Trees. OH NO! I personally hated my class on algorithms and data structure’s, except for the part on trees.  Trees were simple to understand and they were related to the more interesting computer animation algorithms (Skeletal Animation, global vs local transformations).  Trees are simply data structures of linked nodes.

So quadtrees are used as a form of spatial indexing.  They are a special type of tree where each internal node has exactly 4 children.  They are heavily used in partitioning 2D space by recursively subdividing it into four quadrants and regions.

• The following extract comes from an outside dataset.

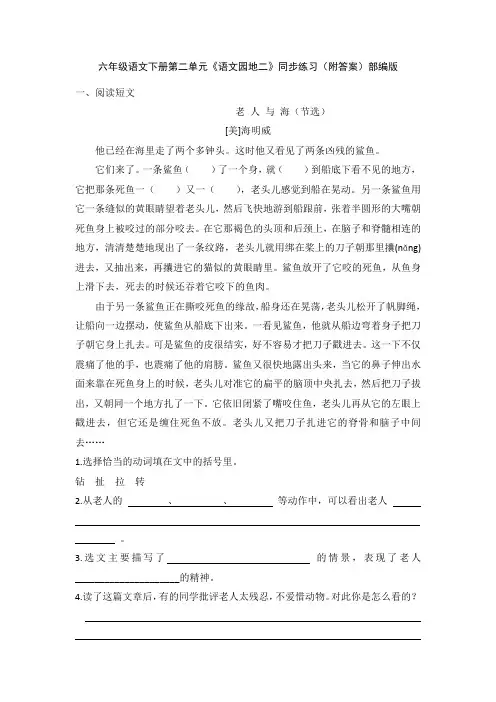部编版六年级语文下册短文阅读附答案一、阅读短文,回答问题。

This is an example of a 2D quadtree. Ignore the points for now if they confuse you. They are just point data.  This is to show how a quadtree divides an indexed area

Nick describes the quadtree very well on his blog.  Each node in the tree is represented by a bounding box covering a part of the space that in indexed, the root node would be covering the entire area.  Each node is either a leaf node with one or more indexed points, but with no children.  If it is an internal node then it has exactly 4 children, one for each quadrant obtained by diving the area covered in by half on each axes.  This next picture should make things a bit more clear:

Representation of how a quadtree is structured internally

To query a quadtree is very simple.  Since we have a good graphical representation of our quadtree we are essentially dealing with intersecting areas.  We know that the root encompasses the entire area of the quadtree, and each child is a subsection of that.  So to query, we need to examine each child node and see if the area inside that quadrant intersects with our current query.  Once we encounter a leaf node is when we have to search each entry within that area to see if it intersects with the query area.  Then you simply return it if it does.

Geohashing and Hilbert Curves

Both of these are ways of not using the quadtree to recursively look up through the tree, but rather use different methods of querying.

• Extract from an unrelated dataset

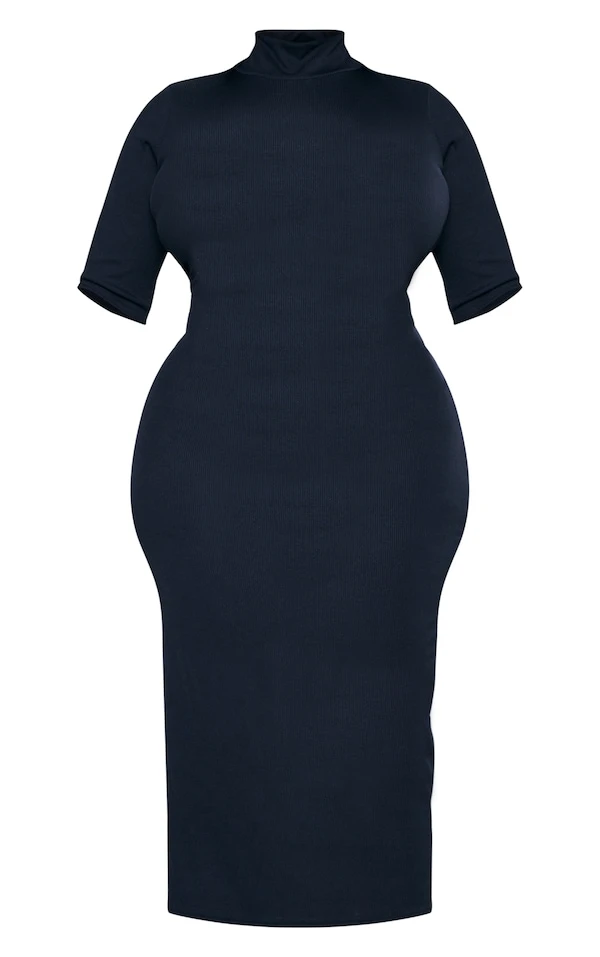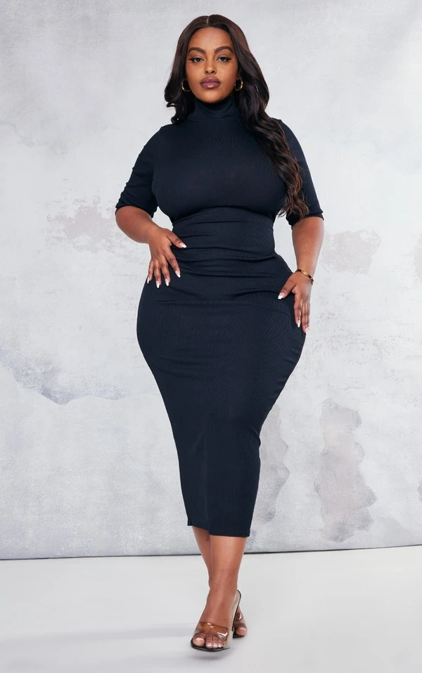 Plus Robe mi-longue côtelée noire à col montant et demi manches

The order in which geohashing visits each quad
The order in which a hilbert curve visits each quad

Summary

Nick goes into a lot more detail in the geohashing and hilbert curve methods, if you are so inclined to learn more about them, click here.  However, as a game developer quadtrees and spatial databases make me think of maps in games.  Ways of representing them (mini-maps) or ways of maybe organizing our scene managers in ogre?  Who knows, but now that I am more familiar with the quadtree data structure I am sure my team an I can think of many ways to implement this useful data structure in our game.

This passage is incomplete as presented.